Markings are provided for three airframes:

Strengths: Special Hobby’s Seafire kits are all quite nicely molded and from what I can gather, they are quite shape- and size-accurate.  Test fitting of the fuselage and wing halves produced a very good fit.  Surfaces are smooth, and all recessed panel lines, screws, and fasteners look great to my eyes.  The quality of the photoetched parts is awesome; some of the parts are very small and fine, so use care when cutting from the fret.  What I first thought was a sheet of precut vinyl masks are indeed additional self-adhesive parts, with the vinyl cut-outs representing external aft airframe stiffeners.  The ailerons and rudder are separate parts and can be positioned as the builder wishes.
Cockpit details are okay, but the use of photoetched instrument panel and photofilm will add a great deal to the level of detail to the front office.  I also love the inclusion of the photoetched metal shoulder harnesses and restraints.  To me, separate belts are key, as you can’t do a more accurate looking seat without them.  The instructions are very nicely rendered and easy to read.  The decal printing quality looks very good, and color callouts are in the Gunze Sangyo range.  I am also a big fan of the Seafire Mk. III color schemes, and two of the three airplanes on the decal sheet were particularly historic and tell rather poignant stories.  
   
Weaknesses:  A few drawbacks surround this kit.  To me, the biggest bummer is that there is NO provision to fold the wings.  Of course, that makes tooling more expensive, but what a unique configuration and construction feature that could have been... 

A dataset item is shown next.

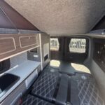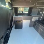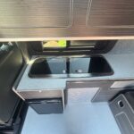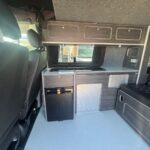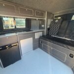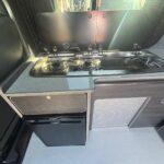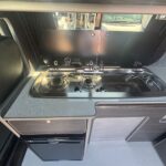 - There is a kitchen area with a 2 burner hob, sink and fridge

Special Hobby has come a long way in their tooling since this kit was first produced in 2009, and so, this kit has their older-style, 2009 vintage MPM-type pour gates.  They are pretty big, and even attach to the smallest of the injection molded parts.  Some extra time in cleanup and parts preparation will be undoubtedly expended.  There’s also a little flash here and there to be wary of.  Cockpit sidewalls are a bit simplified.  I was underwhelmed by the quality of the photofilm representations of the instrument faces, as the resolution is rather poor.  The exhaust stacks are simplistic and need to be hollowed out.

Do note that Sprue H is included but not even depicted in the instructions; these are parts for three slipper external fuel tanks and are not used here.  Bottom line: don’t worry about them.  And finally, one question mark: page 8 of the instruction booklet is a stencil marking guide, but the kit does not include decals for stencils.  It seems to be an unfortunate oversight?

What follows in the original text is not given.